Hands On: Philips Hue Iris

sPhilips Hue Iris

Philips continues to lead the way in home automation with their Hue smart bulbs. After being on the market for two years, they’re now becoming mainstream and widely adopted among consumers. With Apple integrating a HomeKit software platform for developers in iOS 8, users will soon have full control over their home from a mobile device.

The Iris was unveiled last summer and is now available through select retailers at $99. I found the Iris by surprise at a local Best Buy store. It had to of come in recently as it’s not listed in their online database yet. The Iris is packaged similarly to the other Friends of Hue products, only having the light and some literature inside. The first thought I had after removing it from the box was that it’s bigger than I originally thought it would be. The glass encasing at the bottom wraps around to the top where the light emits from. There is a small flat area on the base that allows it to point towards a surface. In most cases it will be facing a wall or corner, but it could also be used in other directions in tandem with notifications from IFTTT.

Setting up the Hue Iris couldn’t be easier. It will automatically turn on and flash a few colours when plugged in. Opening the settings section within the Hue app on an iOS or Android device will provide an option labelled as Connect New Lights. It will pair with the Iris and integrate it into the colour mixer. As with all other new lights, previously created Scenes must be edited to include the new addition. If you own a Hue Tap, its presets also need to be adjusted as well. A Hue Bridge is required to pair the Iris with, which can be found inside any of the Starter Kits.

Philips Hue Iris

The Hue Iris is able to recreate over 16 million colours. This can be done from the Philips Hue app, or with any of the many third party apps currently available. Similar to the Lightstrips and Bloom models, the Iris isn’t able to display white and fluorescent shades like the A19 bulbs can. The Friends of Hue series aren’t meant to be replacements to actual light bulbs, instead used as added splashes of colour to enhance a room. When put up against the Bloom, the Iris is much bigger and emits more light. At 10w and 210 total lumen output compared to the Bloom’s 8W and 120 lumen output, there is a noticeable improvement for the $20 price difference.

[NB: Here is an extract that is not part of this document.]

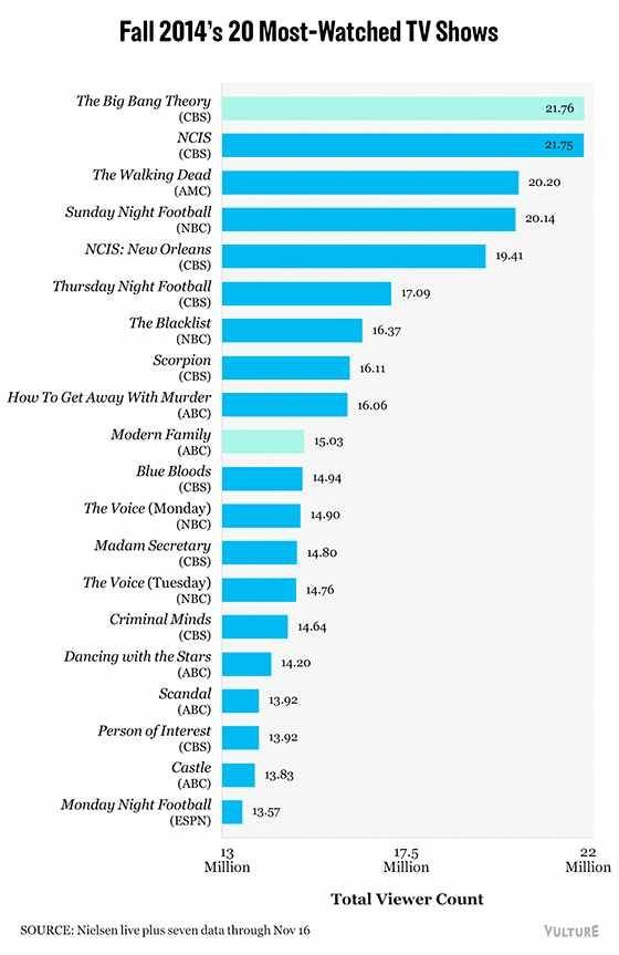 E al 1° posto si piazza con oltre 21 milioni di spettatori raggiunti, la sit-com sbanca-ascolti “The Big Bang Theory”, la cui 8° stagione inedita è attesa su Joi dal 6 gennaio. Per la cronaca, in 2° posizione è arrivata la serie procedural “NCIS” (a un’incollatura rispetto “TBBT”), mentre al 3° si colloca “The Walking Dead” (oltre 20 milioni di spettatori).

I will still utilize both Blooms in my setup, but the Iris has become my favourite light in the series. It has a radiant aura that takes over any surface it’s facing. The inner glass casing gently reflects the selected colour, leading to a soothing glow for any atmosphere. Mixing it in with other Hue products to blend multiple light shades together can create the perfect mood to match your personality. I am impressed with the devotion that Philips has shown in the Hue series, and look forward to seeing what the future brings with personal lightining and home automation.